• _WHAT IS NEEDED_: The whole listing below is to be copied exactly, with every picture left out.

• _DATA_:
%%

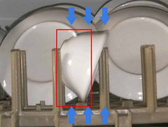 上圖所示我們可以看出:涂黑的部分是高壓噴淋沖不到的地方,還有A和B處也是無法沖洗到的,最多是其它地方的水淋上去的,“淋”與“噴”存在著根本的不同,噴是有壓力的,而淋是沒有壓力的,也就是此時(shí)沖刷餐具沒有壓力是無法確保完成噴淋沖刷動(dòng)作的。因此是沒有壓力的,清洗出來的餐具最多只有85%的干凈。如果要想餐具清潔,他們?cè)谄鸪豕ぷ麟A段給洗碗工一定的好處,在上洗碗機(jī)之前來點(diǎn)小動(dòng)作,先粗洗一下餐具,但在實(shí)際操作時(shí)根本不可能做到,所以餐具的干凈程度和人的工作質(zhì)量有關(guān),而不是靠洗碗機(jī)來保證了,因此高檔場(chǎng)所及要求較高的食堂、餐廳就要采用平放式洗碗機(jī)了。
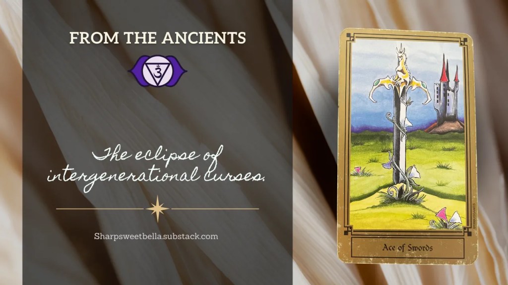 This full moon includes a lunar eclipse in Libra. For many that means a re-examination and transformation of relationships that do and don’t serve us. But one of the biggest that I don’t want us to lose sight of is the relationship with our elders, ancestors, and ascended ancients who came before us. This card serves as a challenge, much like the “Sword in the Stone” of Arthurian legend: we have been destined for this moment since our birth. Are we willing to step up and lead? Will we finally shed the skin of our old self to embark on this miraculous, yet treacherous journey of curing our intergenerational curses, recovering the treasures of those who came before us who couldn’t go further because of the world, society, and time they were born in? Are we brave enough to take up this sword?
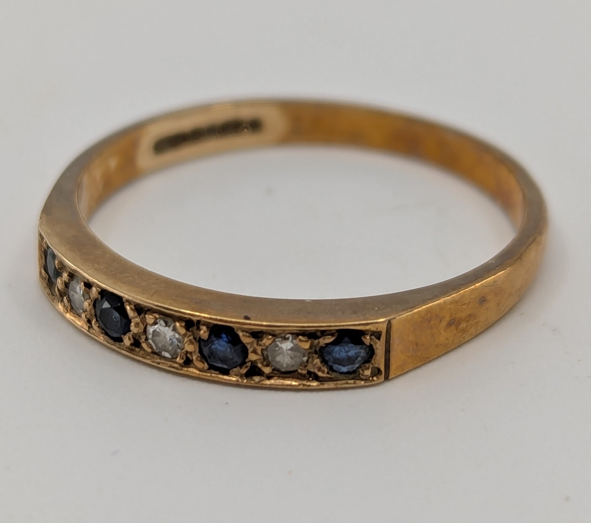 A 9ct gold seven stone sapphire and diamond eternity ring,

%%

• _SOLUTION FOR THIS EXERCISE_:
 上圖所示我們可以看出:涂黑的部分是高壓噴淋沖不到的地方,還有A和B處也是無法沖洗到的,最多是其它地方的水淋上去的,“淋”與“噴”存在著根本的不同,噴是有壓力的,而淋是沒有壓力的,也就是此時(shí)沖刷餐具沒有壓力是無法確保完成噴淋沖刷動(dòng)作的。因此是沒有壓力的,清洗出來的餐具最多只有85%的干凈。如果要想餐具清潔,他們?cè)谄鸪豕ぷ麟A段給洗碗工一定的好處,在上洗碗機(jī)之前來點(diǎn)小動(dòng)作,先粗洗一下餐具,但在實(shí)際操作時(shí)根本不可能做到,所以餐具的干凈程度和人的工作質(zhì)量有關(guān),而不是靠洗碗機(jī)來保證了,因此高檔場(chǎng)所及要求較高的食堂、餐廳就要采用平放式洗碗機(jī)了。
 This full moon includes a lunar eclipse in Libra. For many that means a re-examination and transformation of relationships that do and don’t serve us. But one of the biggest that I don’t want us to lose sight of is the relationship with our elders, ancestors, and ascended ancients who came before us. This card serves as a challenge, much like the “Sword in the Stone” of Arthurian legend: we have been destined for this moment since our birth. Are we willing to step up and lead? Will we finally shed the skin of our old self to embark on this miraculous, yet treacherous journey of curing our intergenerational curses, recovering the treasures of those who came before us who couldn’t go further because of the world, society, and time they were born in? Are we brave enough to take up this sword?
 A 9ct gold seven stone sapphire and diamond eternity ring,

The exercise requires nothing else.